I love small churches. I love medium-sized churches. And I love large churches and “megachurches” (typically defined as an evangelical congregation with 2,000 or more weekend service attenders). I also agree with a principle shared by Bailey Smith who once said, “There are no large churches. All churches are small, some are just smaller than others when compared to the surrounding lost population.”
I’ve pastored churches of 30 and I’ve served as a staff pastor at a church that averaged about 22,000 attenders at the time. In many ways, the largest of them was also the smallest—the most capable of shaping and nurturing my soul. For whatever reason, church size is a very, very sensitive topic. Within the church, everyone seems to favor whatever size the church they’re part of represents. Some view small churches as ineffective and unwelcoming. Others view large churches as doctrinally weak or merely as corporate structures that prefer making dollars over disciples.
Why all the sensitivity? I think it’s social. We’re all a little protective of our identity, especially when we feel that someone is judging and assessing us as more or less worthy by secondary measures such as church size.
At Grace Hills, I’m continually challenging us to have a growth mindset and to make sure that we are focused on growing multi-dimensionally. As a purpose driven church, we hope to grow …
- larger through evangelism,
- warmer through fellowship,
- deeper through discipleship,
- broader through ministry, and
- stronger through worship.
Does a church have to compromise its theology to grow larger? Absolutely not! Have some? Sure. And have some small churches done the very same thing to make a relatively small handful of tithers happier with the status quo? Definitely. It happens, and when it does, it’s not good. What bothers me is the stereotyping of all large and growing churches as somehow diminishing either the quality or depth of their ministries. Research simply suggests a very different picture.
Consider the findings of thorough research conducted by the Leadership Network (who happen to be experts in the field of data and research). Glance at this graphic:
Some of the most popular stereotypes of large churches simply don’t hold water. In general, megachurch attenders tend to be more informed about doctrine, more intentional about serving others and more involved in missions. They tithe more, attend more and seem to have more healthy, close relationships. Again, this doesn’t mean that small churches are bad or ineffective. It merely suggests that our anti-growth, anti-large-church mindset may not only be misinformed but harmful to the cause of the gospel.

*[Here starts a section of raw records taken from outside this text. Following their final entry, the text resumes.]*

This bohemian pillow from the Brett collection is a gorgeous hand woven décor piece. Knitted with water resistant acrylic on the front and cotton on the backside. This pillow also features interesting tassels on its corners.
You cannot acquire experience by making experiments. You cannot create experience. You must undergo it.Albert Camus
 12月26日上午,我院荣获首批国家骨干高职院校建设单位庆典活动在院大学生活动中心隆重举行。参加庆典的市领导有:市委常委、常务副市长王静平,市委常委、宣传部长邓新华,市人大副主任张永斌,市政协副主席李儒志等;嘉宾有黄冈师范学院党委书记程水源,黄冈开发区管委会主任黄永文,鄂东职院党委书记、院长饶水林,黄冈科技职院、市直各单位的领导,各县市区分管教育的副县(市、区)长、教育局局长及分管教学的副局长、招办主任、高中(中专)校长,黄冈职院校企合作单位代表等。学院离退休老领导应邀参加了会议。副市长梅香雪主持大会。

I would even argue that there is a reason you don’t see theologically liberal churches busting at the seams and going multi-campus. When we stop believing in inerrancy, and heaven and hell, and the exclusivity of Christ to salvation, we lose all sight of our missional mandate and our motivation for growth in the first place.

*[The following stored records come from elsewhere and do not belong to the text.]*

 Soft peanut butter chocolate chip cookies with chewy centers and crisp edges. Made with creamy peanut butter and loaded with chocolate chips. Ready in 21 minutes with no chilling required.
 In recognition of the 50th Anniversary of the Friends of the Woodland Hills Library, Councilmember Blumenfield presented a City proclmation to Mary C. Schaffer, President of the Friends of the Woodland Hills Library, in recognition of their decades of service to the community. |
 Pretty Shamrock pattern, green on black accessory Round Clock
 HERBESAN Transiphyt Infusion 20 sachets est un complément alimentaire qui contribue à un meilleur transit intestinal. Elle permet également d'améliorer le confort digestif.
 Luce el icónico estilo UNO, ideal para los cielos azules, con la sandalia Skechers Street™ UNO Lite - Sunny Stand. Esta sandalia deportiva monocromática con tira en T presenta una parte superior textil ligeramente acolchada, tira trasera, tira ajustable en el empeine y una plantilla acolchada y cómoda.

So how large should a church be? I’m not sure why we think there’s a ceiling, other than the surrounding lost population. Is there a person in your community who doesn’t know Jesus yet? Then larger, at least by one. When people visit our young church plant that meets in a local movie theater and share that they’re currently part of a church that has “just gotten too large” and are “looking for something a little smaller,” my response is always the same. If God leads you here, we trust Him, but we also hope to disappoint you as soon as possible.
If reading this post has conjured images in your mind of a “Six Flags Over Jesus” movement of enormous high-tech cathedrals filled with thousands of people who only show up for the the show or the sermon with no intention of deepening their walk or engaging others in ministry, you have a seriously flawed picture of what megachurches are actually like. In reality, larger churches typically work very hard at also becoming smaller, getting people into small groups, making disciples, developing leaders and deploying tellers of the good news. When they don’t do these things intentionally, they usually don’t stay large for long.

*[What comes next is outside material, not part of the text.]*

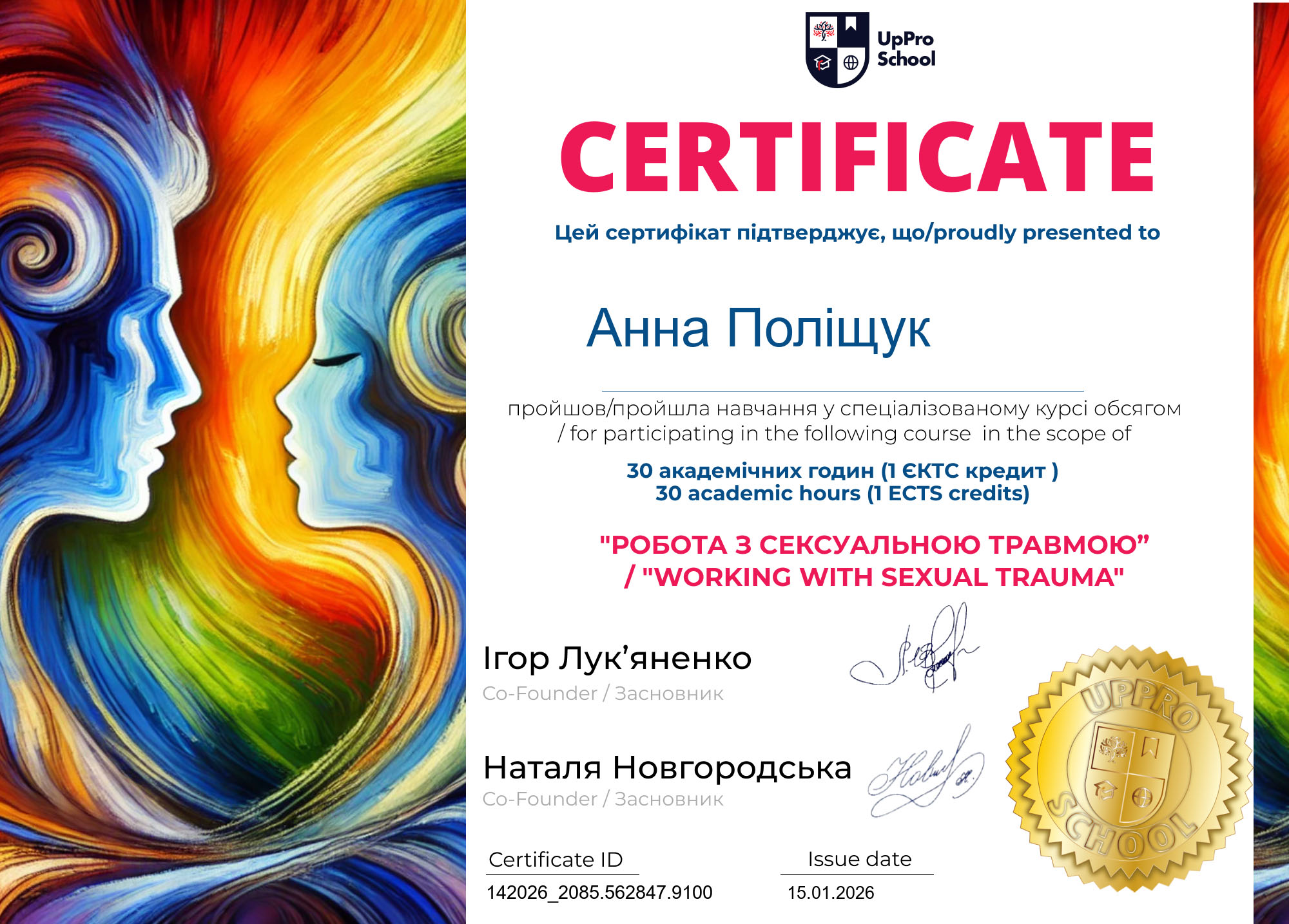 2026 — Спеціалізований курс «Робота з сексуальною травмою», UpPro School.

If you’re part of a small church (say, 100 or less-ish), that’s great. You’re in a sweet spot. Support your pastor, join a team and serve, and seek out the next lost person and thank God for the large church across town. If you’re in a medium or large church (relative to the typical congregation), that’s great too. Support your pastor, join a team and serve, and seek out the next lost person and thank God for all the smaller churches that are also working hard in the harvest.
But either way, regardless of where you are, growth is a good thing. When we grow without compromising our message or mission, the Kingdom wins. I celebrate both timeless biblical theology and innovative strategies for reaching unengaged people. How large should your local church get? That’s really the wrong question. The right question is, how do we make disciples of everyone we possibly can?